In Spark, a DataFrame is a distributed collection of data organized into named columns. It is conceptually equivalent to a table in a relational database or a data frame in R/Python, but with richer optimizations under the hood. DataFrames can be constructed from a wide array of sources such as structured data files, tables in Hive, external databases, or existing RDDs.
Ways of creating Dataframe
val data= spark.read.json("path to json")
val df = spark.read.format("com.databricks.spark.csv").load("test.txt")
in the options field, you can provide header, delimiter, charset and much more
you can also create Dataframe from an RDD
val rdd = sc.parallelize(
Seq(
("first", Array(2.0, 1.0, 2.1, 5.4)),
("test", Array(1.5, 0.5, 0.9, 3.7)),
("choose", Array(8.0, 2.9, 9.1, 2.5))
)
)
val dfWithoutSchema = spark.createDataFrame(rdd)
If you want to create df with schema
def createDataFrame(rowRDD: RDD[Row], schema: StructType): DataFrame
Why we need Dataframe if Spark has provided RDD
An RDD is merely a Resilient Distributed Dataset that is more of a blackbox of data that cannot be optimized as the operations that can be performed against it, are not as constrained.
No inbuilt optimization engine: When working with structured data, RDDs cannot take advantages of Spark’s advanced optimizers including catalyst optimizer and Tungsten execution engine.
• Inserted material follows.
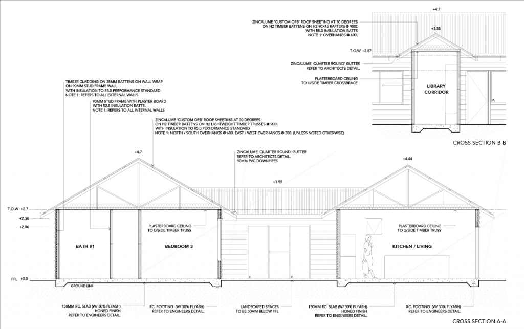 Sun shine on! By splitting the house volume into a separate living pod and sleeping wing linked by a library walkway, The Pavillions maximises its northern solar exposure and opportunity for cross ventilation, bringing glorious light and sea breezes into your home. The result is naturally well-lit living spaces with two courtyard patio areas adjoining three bedrooms to encourage alfresco living and a seamless connection with the landscape.
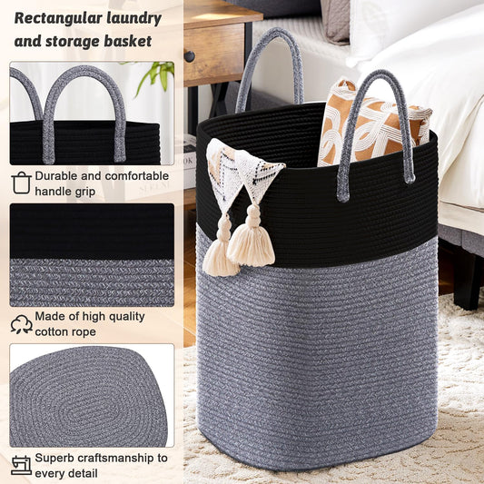 Laundry Basket,Woven Cotton Rope Laundry Hamper,Versatile Storage for Dirty Clothes,Baby Toys,and Blankets in Bathroom, Nursery,and Living Room (Black, 60L)

Developers need to optimize each RDD based on its attributes. Handling structured data: Unlike Dataframe and datasets, RDDs don’t infer the schema of the ingested data and requires the user to specify it.
DataFrames in Spark have their execution automatically optimized by a query optimizer. Before any computation on a DataFrame starts, the Catalyst optimizer compiles the operations that were used to build the DataFrame into a physical plan for execution. Because the optimizer understands the semantics of operations and structure of the data, it can make intelligent decisions to speed up computation.
Limitation of DataFrame
Compile-time type safety: Dataframe API does not support compile time safety which limits you from manipulating data when the structure is not known.